What is required | A verbatim copy is needed of the lines below from the one containing "Skladacia taška z" up to and including the one containing "Maked Energea svojega", excluding pictures.

Data extracts |
===============

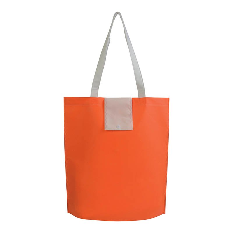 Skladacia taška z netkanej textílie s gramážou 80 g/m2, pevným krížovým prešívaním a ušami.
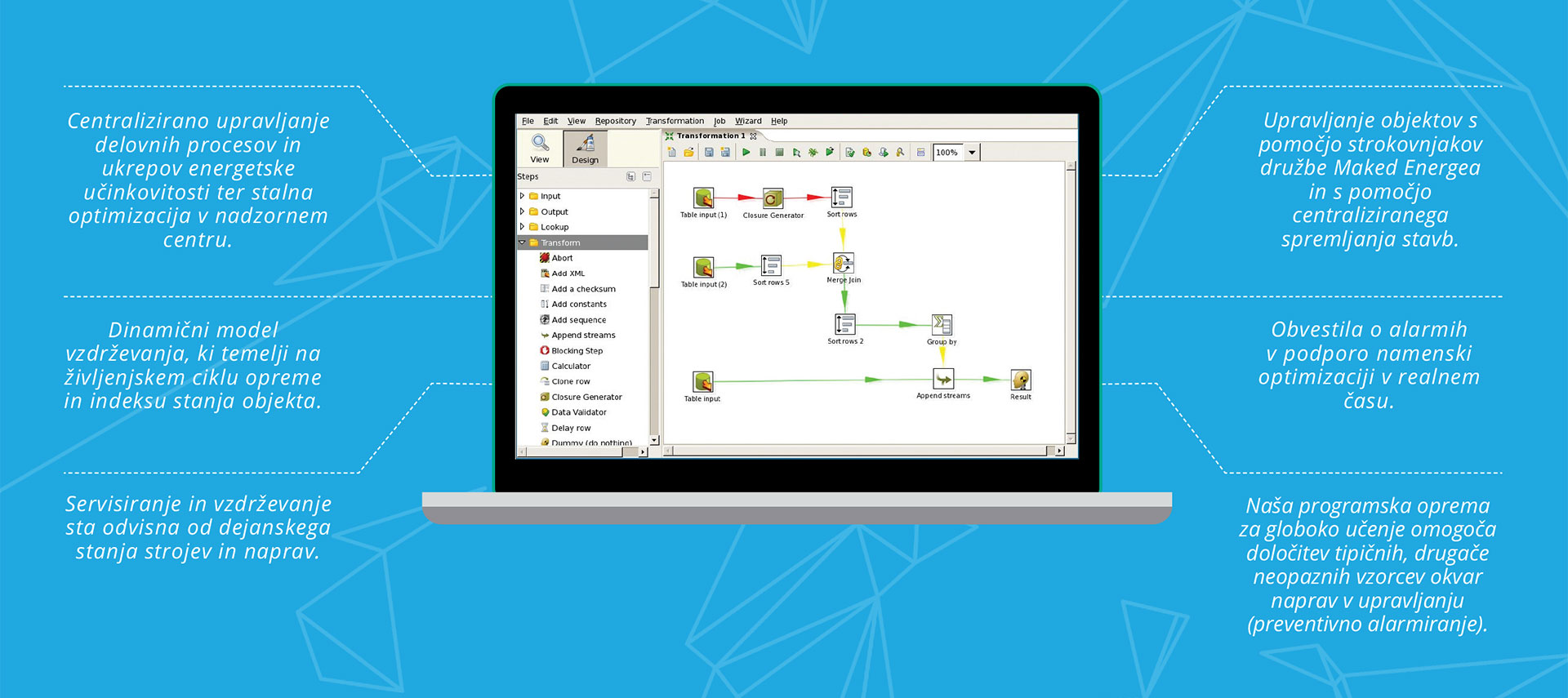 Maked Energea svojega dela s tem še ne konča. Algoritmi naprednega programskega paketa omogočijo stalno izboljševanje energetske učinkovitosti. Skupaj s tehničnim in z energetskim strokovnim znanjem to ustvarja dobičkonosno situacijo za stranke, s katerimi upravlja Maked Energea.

===============

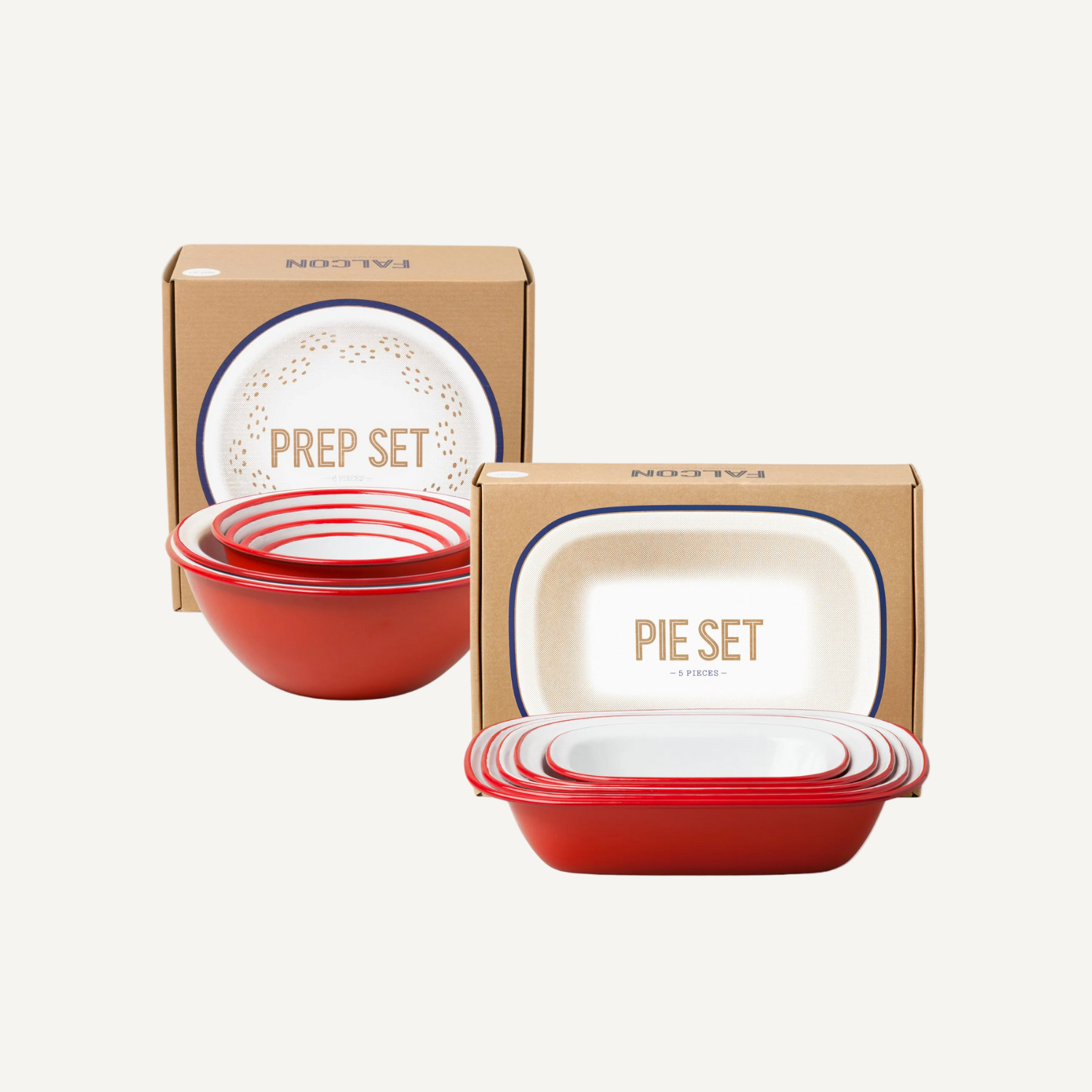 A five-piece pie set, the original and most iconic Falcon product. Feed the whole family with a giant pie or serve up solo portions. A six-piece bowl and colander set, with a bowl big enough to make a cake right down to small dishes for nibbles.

===============

Answer to this problem |
 Skladacia taška z netkanej textílie s gramážou 80 g/m2, pevným krížovým prešívaním a ušami.
 Maked Energea svojega dela s tem še ne konča. Algoritmi naprednega programskega paketa omogočijo stalno izboljševanje energetske učinkovitosti. Skupaj s tehničnim in z energetskim strokovnim znanjem to ustvarja dobičkonosno situacijo za stranke, s katerimi upravlja Maked Energea.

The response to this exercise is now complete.